We are working on our image. It is very important to us, and here’s why. We imagined our client, for example, from HoReCa. The bar manager makes purchasing decisions, and we need them to hear from 5–6 different sources that Space provides great products.
Social media are more of an auxiliary tool for us: if we release a new drink, we make a splash on social media. We can get our subscribers excited by launching a contest. Or if we need additional traffic, we buy it on social networks.
We summarize every month: how much we sold, what worked, and what went wrong. We try to support events and activities in bars and fitness clubs.
Competitors: Global Brands and Georgian Lemonades
We have a massively competitive environment — we have to compete with companies that have been on the market for many years. For example, Schweppes, which belongs to the oldest soft drink company. Jacob Schwepp invented tonic water in the form in which it exists today, and he also invented carbonated water.
We also have a direct competitor — Fentimans. These are English lemonades, and the company is 120 years old. During this time, one could have learned how to make just the perfect drinks!
Our competitors are mainly foreign brands, and this makes us very happy because their sales are highly dependent on exchange rates: their prices are much higher than ours. It turns out that we can compete.
And, of course, there are Georgian lemonades. If we talk about Natakhtari, we are as young as possible compared to them. And in terms of market coverage, we and they are in completely different weight categories.

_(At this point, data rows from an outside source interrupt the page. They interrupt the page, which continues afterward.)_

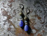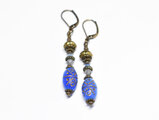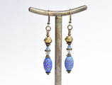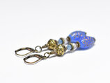 露草色のーチェコヴィンテージビーズとラブラドライト&アクアマリン、蓮華ブラスを繋いだピアスです。
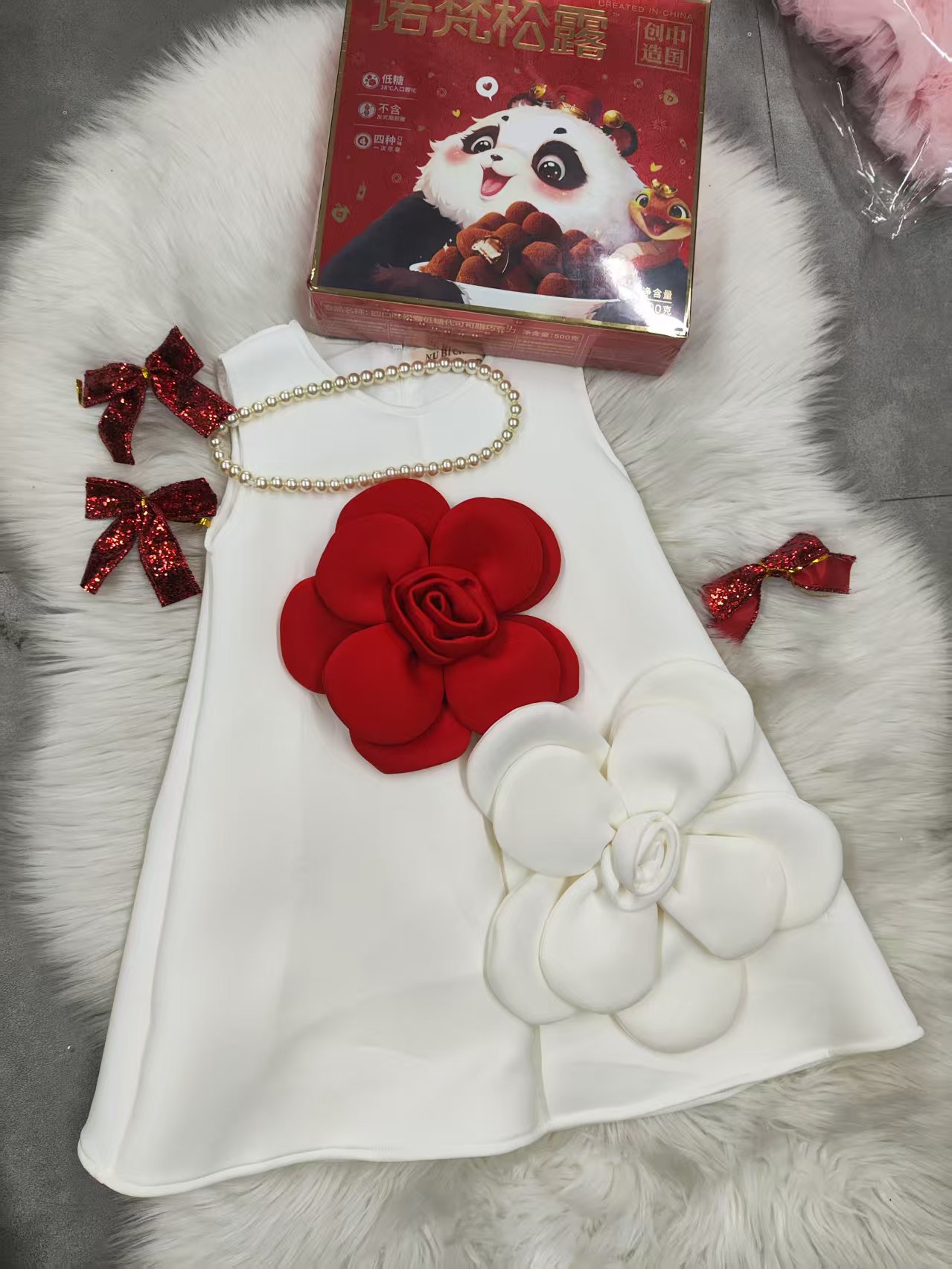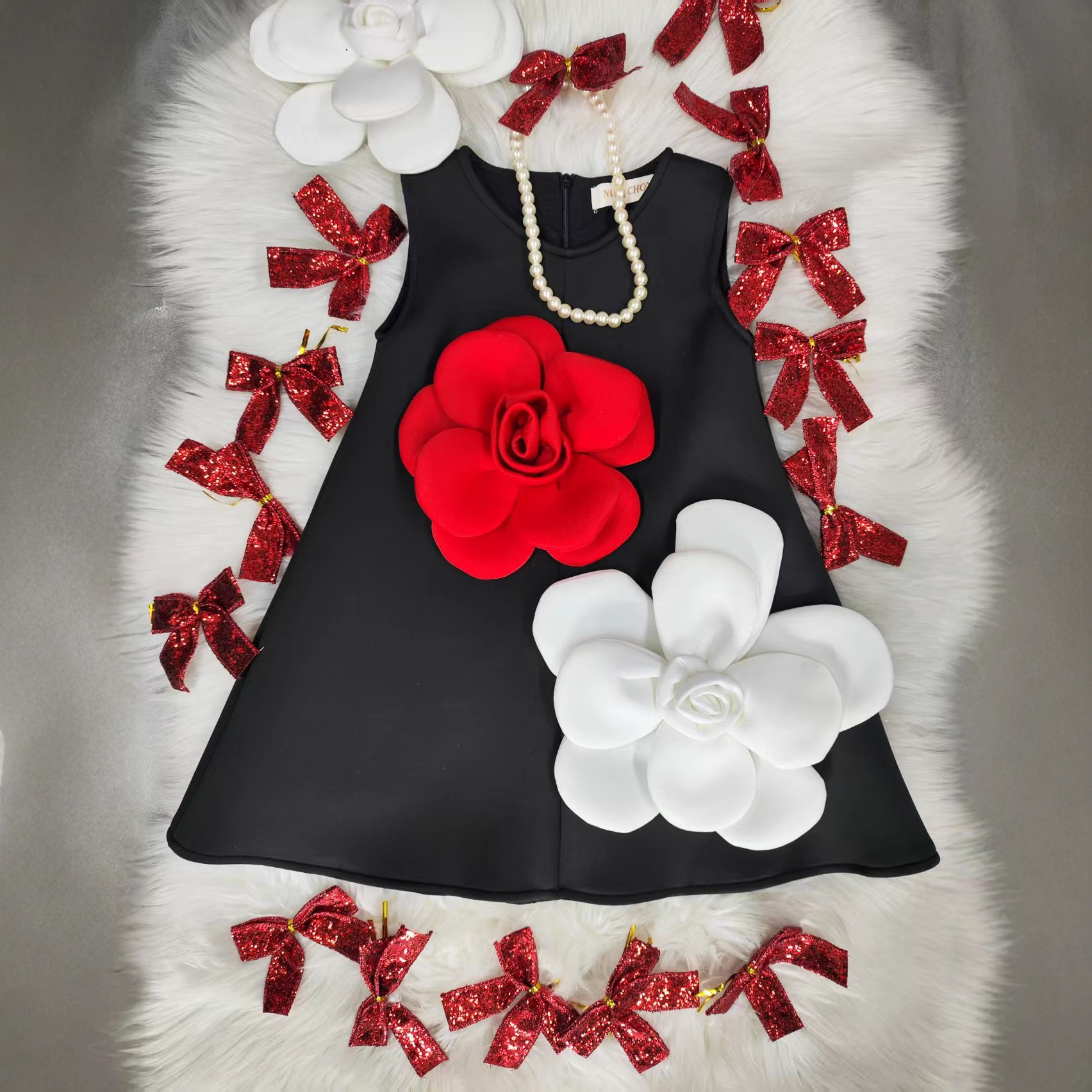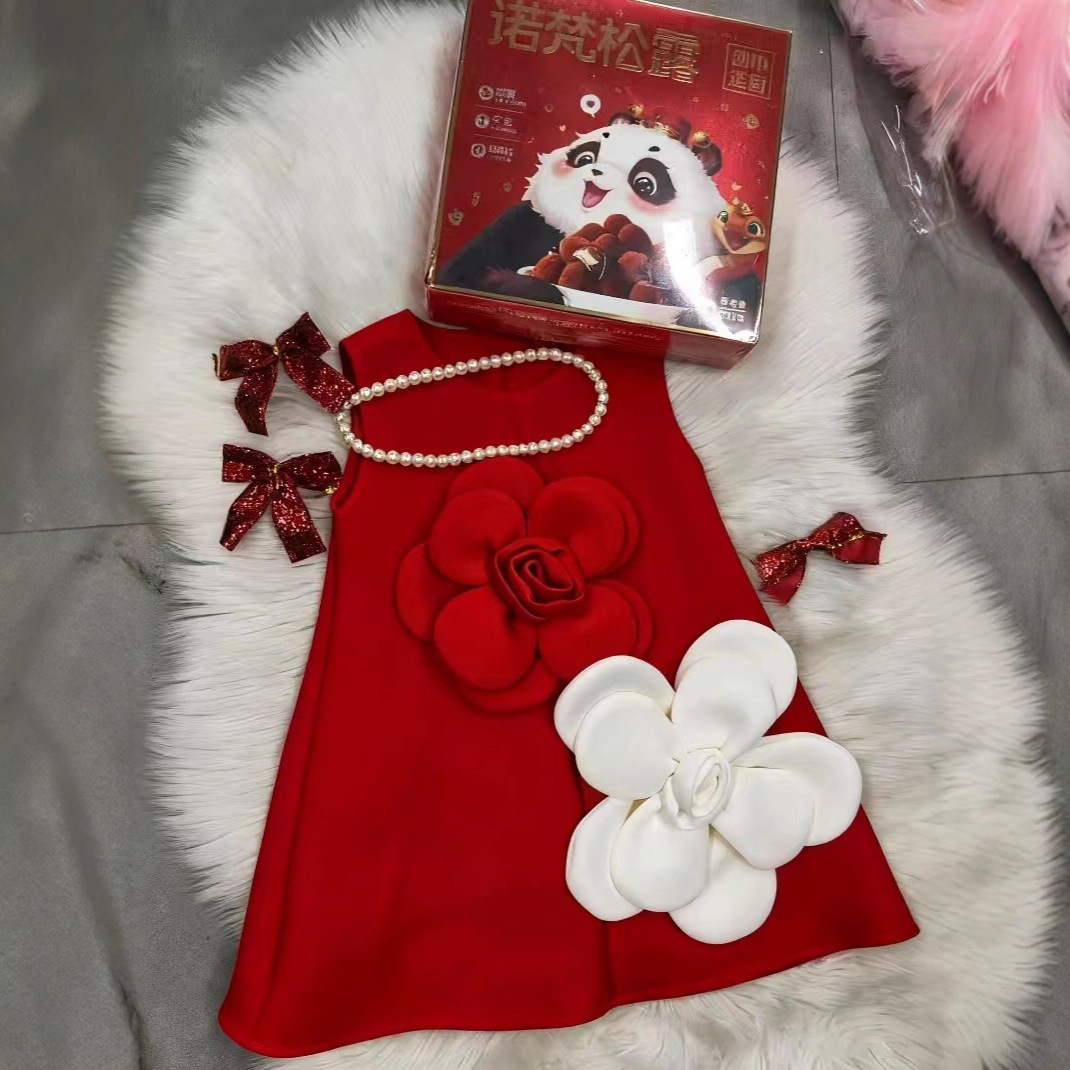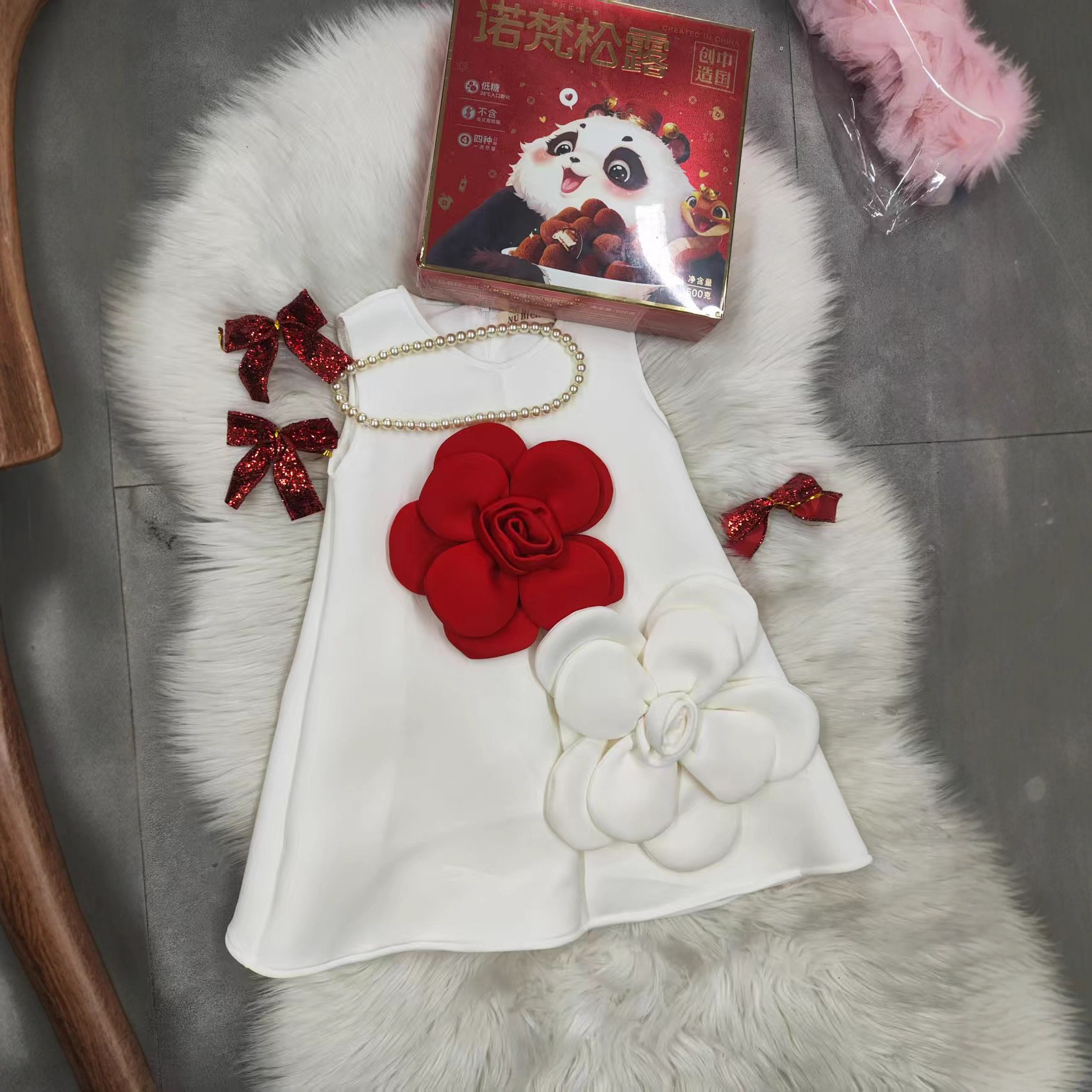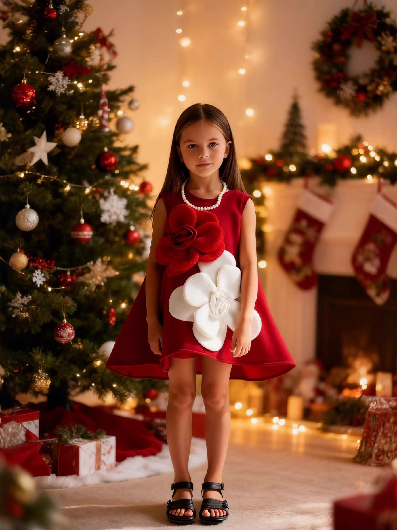 Christmas girls princess new dress three-dimensional flower sleeveless fashion A-line dress
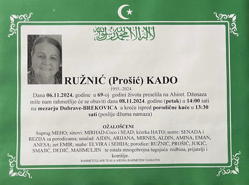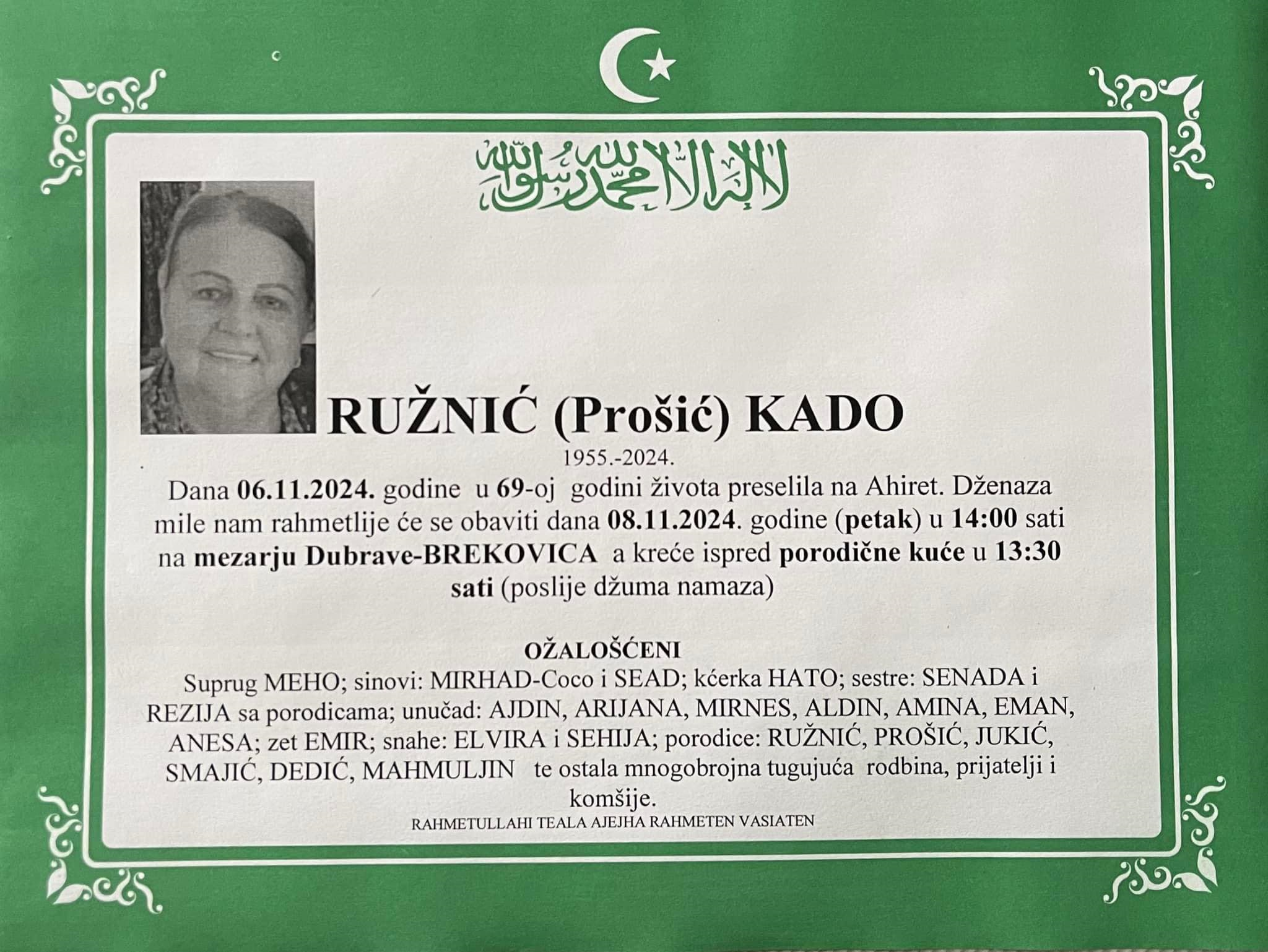 Obavještavamo rodbinu i prijatelje da je 06.11.2024. godine na ahiret u 69-oj godini života preselila Ružnić (rođ. Prošić) Kado.
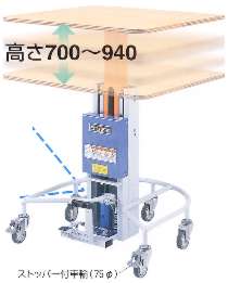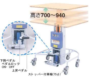 ●テーブル高さが700〜940mmの間で調整ができ、無理のない姿勢で、いつも作業が出来ます。 ●足踏ジャッキ式で、100kg載せても高さ調整ができます。 ●安定感のある5輪車仕様で、移動が簡単。 ●特殊マストで揺れが少なく、作業性は抜群です。 |
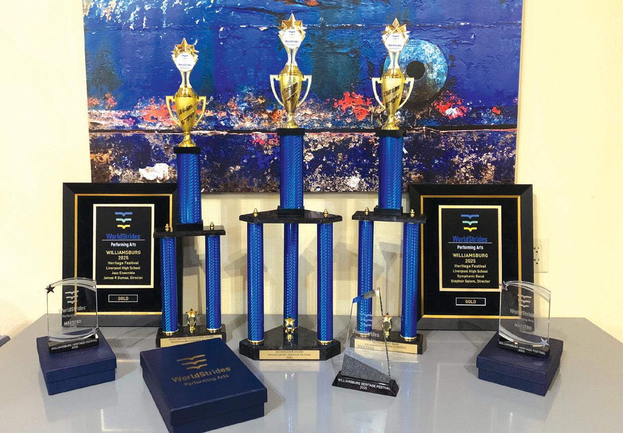 festival. the students and directors had the opportunity to showcase talents at this national festival, and receive expert feedback from renowned adjudicators. the LHS Symphonic Band and LHS Jazz Ensemble each earned a Gold Award, as well as the instrumental Sweepstakes Award (two or more instrumental ensembles from same school with scores closest to perfect score of 100). the Symphonic Band also received the Outstanding Band Award (highest band score) and the Adjudicator Award (score of 92 or higher to be eligible and picked by judge panel). Based on their performance, the LHS Symphonic Band earned an invite to the festival of Gold 2026 in either Chicago or Nashville. individually, LHS senior William Sateriale (clarinet) and junior Emma Bearup (trombone) were presented with maestro Awards as outstanding soloists and received invitations to an international music festival, while senior Samuel Anderson (euphonium) received the Ovation Award for citizenship.
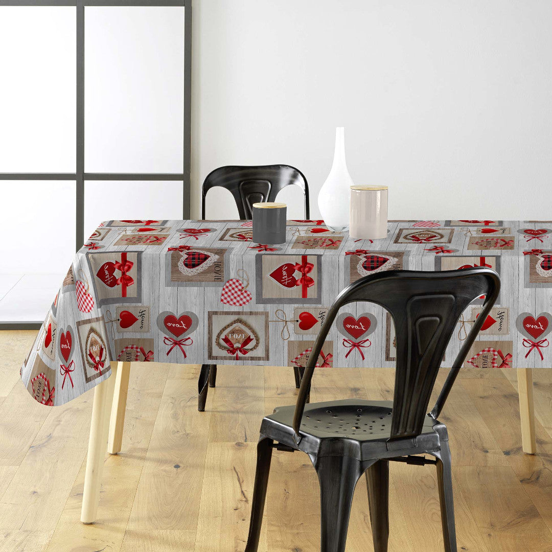 Vil du skape en varm og koselig stemning rundt bordet? Da er Sweet Love voksduken midt i blinken. Duken har et sjarmerende motiv med røde og rutete hjerter, sløyfer, tretreteksturer og små budskap som “Love”, “Home” og “Sweet Home” – alt presentert som små tavler og skiltelignende detaljer i patchwork-stil.
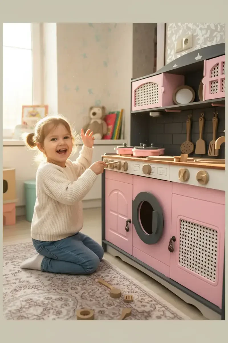 To'plamda mavjud bo'lgan choy qaynatgich, qozon, tova va boshqa oshxona anjomlari haqiqiy tarzda loyihalashtirilgan, bu esa bolalar o'ynash paytida ovqat pishirish va xizmat qilish kabi kundalik faoliyatlarni taqlid qilishga imkon beradi, shu bilan birga ularning xayoliy kuchi va nozik motor qobiliyatlarini rivojlantiradi. Yog'ochdan yasalganligi sababli, u bolalaringiz uchun xavfsiz va bardoshli o'yin tajribasini taqdim etadi.

If you have a similar business to Sergey, and you need to streamline your production management, Kladana can be of help. In our cloud app, you can create BOMs, and production orders, purchase raw materials, and sell finished goods.
You can also try partial manufacturing, calculate the unit cost, operation & labour costs, assign employees to particular production operations, and much more.
Plans — to Improve the Image of the Entire Country
We want to travel the world and open branches everywhere! Each of our lemonades has a «Made in Russia» badge — Artemiy Lebedev (a well-known Russian designer) did it. We want to show the world that there are good products in Russia.
There is often a rejection of a Russian brand: «Oh, are you Russian? Then we don’t need your lemonade.» We have to personally explain why we are good, useful, and profitable. Russian products really have a huge image problem.